**INFORMATION PROVIDED**
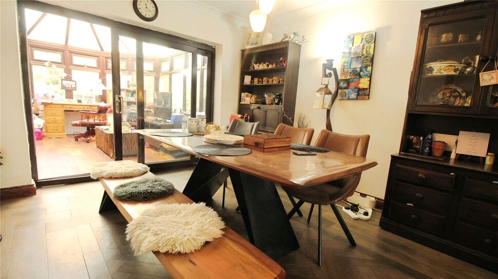 A standout feature of this property is its south-facing garden, a sizeable outdoor space perfect for alfresco dining or children's play. The conservatory invites an abundance of natural light into the home, creating a warm and inviting atmosphere.
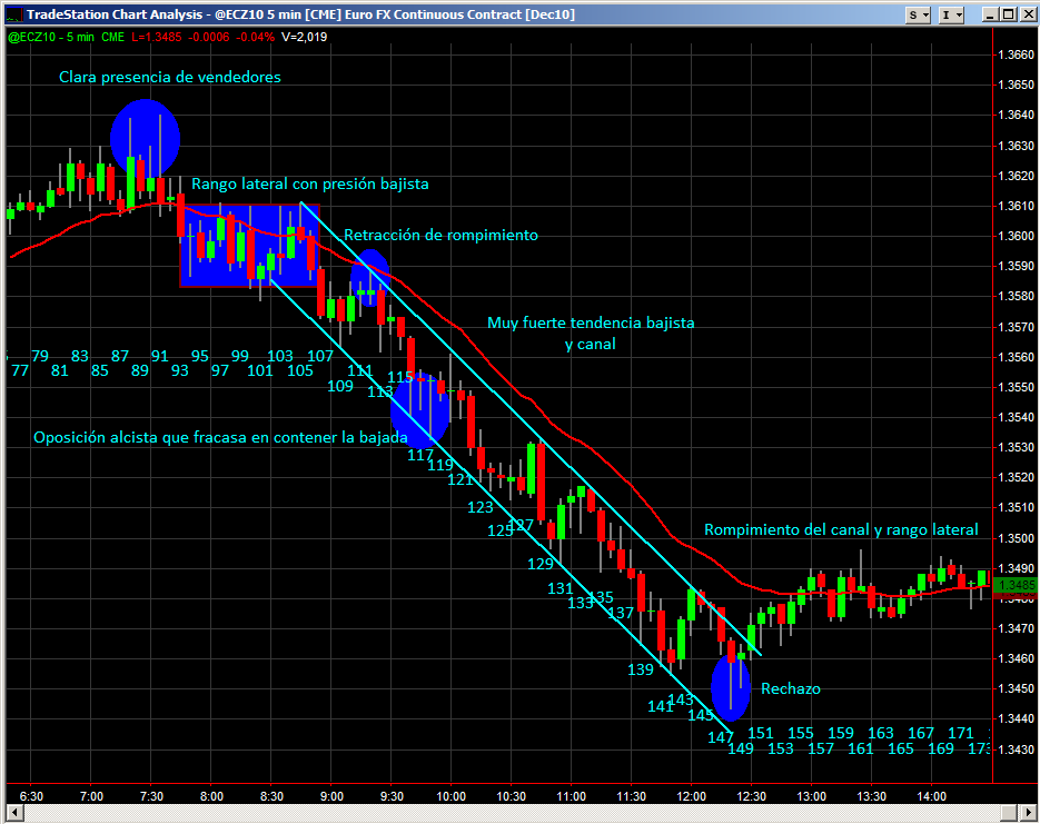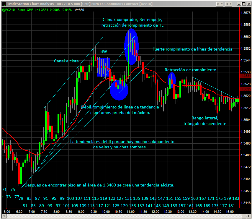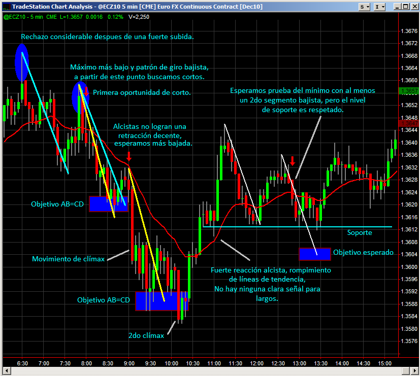 Lo descrito son sólo algunas breves observaciones, en realidad la interpretación de la gráfica es mucho más compleja. De hecho se hace prácticamente vela por vela.
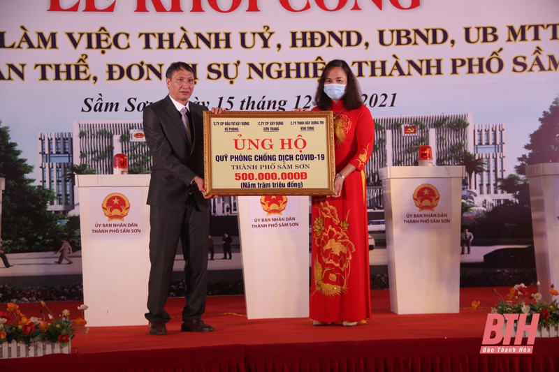 Nhân dịp này liên danh nhà thầu đã trao tặng 500 triệu đồng vào Quỹ phòng, chống dịch COVID-19 của TP Sầm Sơn.
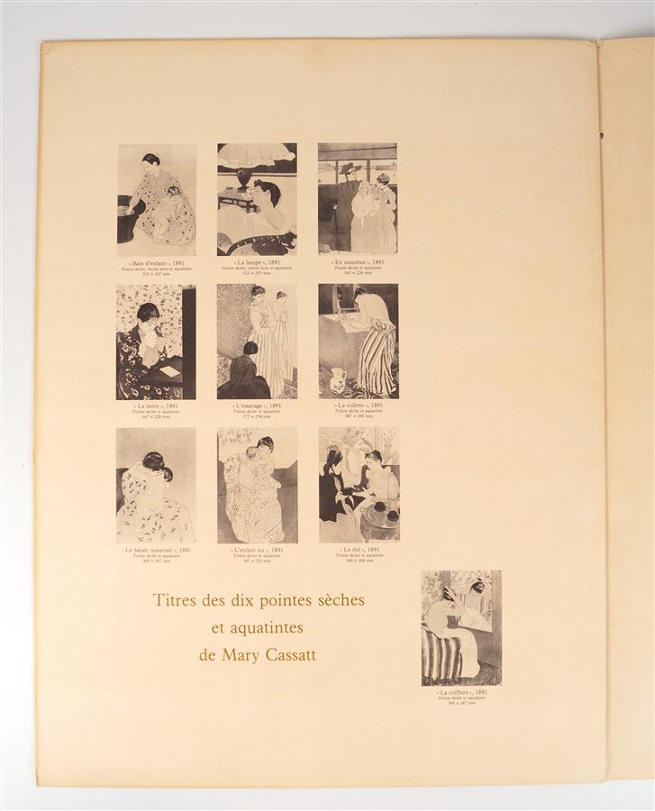 CASSATT (Mary) - Pointes-sèches - Sans lieu ; Bibliothèque Nationale et Claude Tchou & Sons, 1991 - Suite de 9 pointes-sèches et aquatintes en couleurs (sur 10 annoncées), In-Folio, monogrammées et timbrées à sec, sous passe-partout, le tout sous 1 coffret en bois au 1er plat vitré pouvant s'accrocher au mur - Texte par Martine Mauvieux - Tirage numéroté sur vergé d'Arches (n°A103 sur 200 tirage total français : 250) - Bon état.
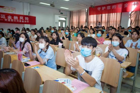 讲座开始之前,学校工作人员、交通银行和财付通科技有限公司职工一起向参与活动的师生分发活动宣传册,讲解相关防骗、反诈知识。
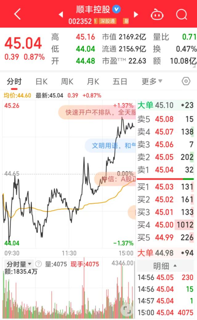 截至发稿(13日16时04分),顺丰控股A股上涨0.87%,报收45.04元,成交10.08亿元,换手率0.47%,总市值2169.2亿元。
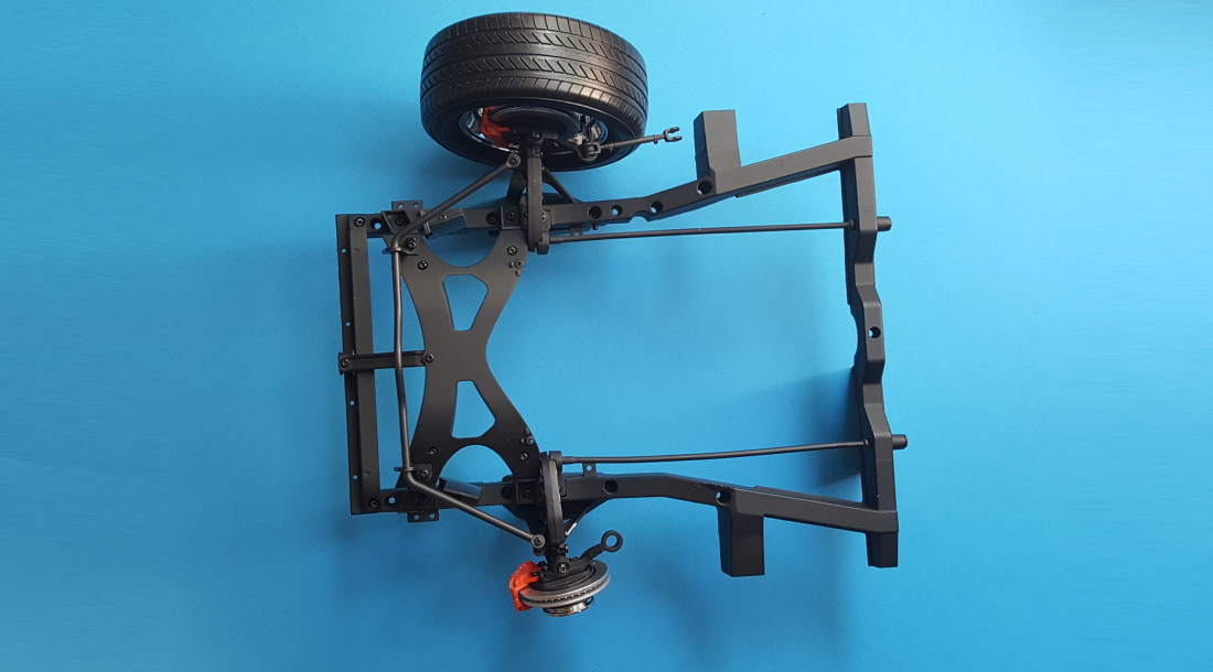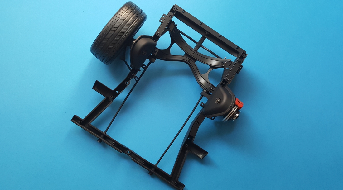 Powracamy do ramy, na której jest już zamocowane jedno koło. Przykręcamy zaślepki i pozostałe elementy układu zawieszenia spinając drugi kompletny zestaw zawieszenia prawego koła z ramą. Na koniec dokręcamy krzyżową osłonę silnika razem z drążkami stabilizacyjnymi.
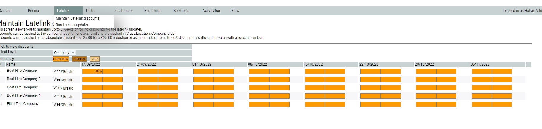 Latelink allows you to set and view the rolling 8 weeks discount plans to send to Latelink. It is not enabled by default, please ask us to have it enabled. You will aloso need to speak to Waterways Holidays.
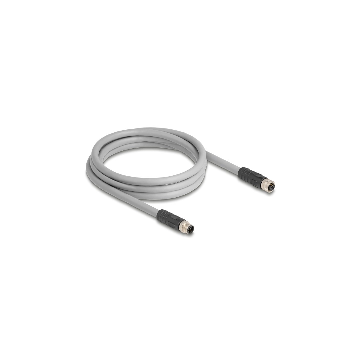 Delock M12 Cable L-coded 5 pin male to female PUR suitable for drag chains 2 m grey
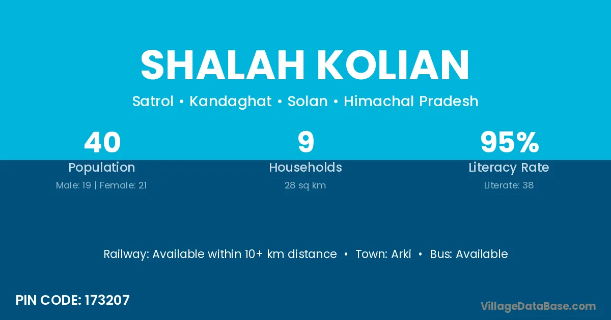 Arki is the nearest town to Shalah Kolian village for major economic activities

**WHAT THE EXERCISE ASKS**
Could you return each line, unchanged, from the line containing "Powracamy do ramy, na" through the last line of the entries above, leaving out the pictures?

**SOLVED PROBLEM**
 Powracamy do ramy, na której jest już zamocowane jedno koło. Przykręcamy zaślepki i pozostałe elementy układu zawieszenia spinając drugi kompletny zestaw zawieszenia prawego koła z ramą. Na koniec dokręcamy krzyżową osłonę silnika razem z drążkami stabilizacyjnymi.
 Latelink allows you to set and view the rolling 8 weeks discount plans to send to Latelink. It is not enabled by default, please ask us to have it enabled. You will aloso need to speak to Waterways Holidays.
 Delock M12 Cable L-coded 5 pin male to female PUR suitable for drag chains 2 m grey
 Arki is the nearest town to Shalah Kolian village for major economic activities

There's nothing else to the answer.